Aimée Zito Lema. 13 Shots

Aimée Zito Lema (Amesterdão, 1982) trabalha sobre a memória individual e coletiva, em particular sobre o registo e a transmissão de acontecimentos de geração para geração.

A sua exposição no Espaço Projeto da Coleção Moderna intitula-se 13 Shots e reúne trabalhos resultantes de uma colaboração da artista com o Grupo de Teatro do Oprimido de Lisboa, que ocorreu na Sala Polivalente do Museu Calouste Gulbenkian. A partir de exercícios performativos realizados pela artista e pelo grupo – a transmissão intergeracional do 25 de Abril e o arquivo fotográfico do serviço ACARTE –, questiona-se o modo como a memória se transmite por via de histórias, imagens, lacunas e silêncios que se reproduzem, preenchem e reimaginam coletivamente.

Mais do que uma busca pela decifração do passado ou uma resolução do presente, o objetivo do trabalho de Aimée Zito Lema é tornar visível a complexidade dos processos de transmissão da memória, que se materializam em diversos suportes, imagens, camadas e gestos, ora de conflito, ora de convivialidade.

O projeto aqui apresentado resulta de um período de residência da artista em Lisboa, na Rua das Gaivotas 6, e constitui um dos oito capítulos da exposição criada no âmbito do 4Cs: From Conflict to Conviviality through Creativity and Culture, um projeto europeu de cooperação coordenado pela Universidade Católica e cofinanciado pelo programa Europa Criativa, da União Europeia.
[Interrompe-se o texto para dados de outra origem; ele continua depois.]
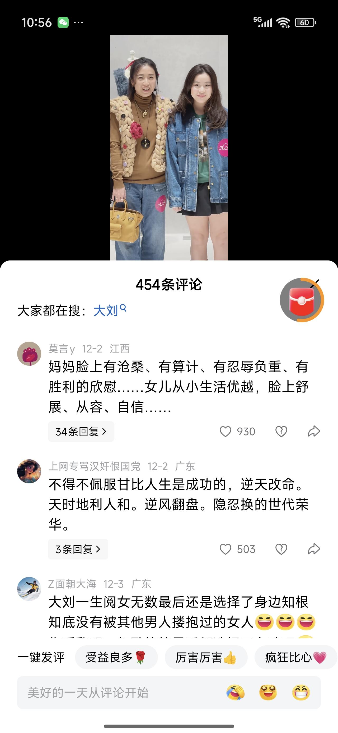 看到甘比为女儿站台,她之前所做的一切都能理解了! 有人说妈妈眼里有算计,有沧桑,有隐忍负重,有胜利的欣慰,女儿从小生活优越,脸上舒展。从容,自信。。。 是啊,哪个妈妈不为儿女打算?如果早几年知道找个富人家嫁了,也不会如今过这样苦哈哈的生活! 拗不过自己的本心啊!给个荒淫的老头儿给到我,恐怕还是不能接受。就是又穷认知又低啊! 为啥说跨越阶层难,这第一关就过不了。嫌人家老,人家都没嫌我穷呢? 上年纪了,明白了一切,悔之晚矣!空悲切,白了少年头。

Cada capítulo conta a sua própria história pela voz de cada instituição parceira: Universidade Católica Portuguesa, Tensta Konsthall, SAVVY Contemporary, Royal College of Art, Fundació Antoni Tàpies, Vilnius Academy of Arts, Museet for Samtidskunst e ENSAD.

No dia 29 de junho, às 18h, as curadoras Luísa Santos, Ana Cachola e Daniela Agostinho conversam com a artista sobre este projeto.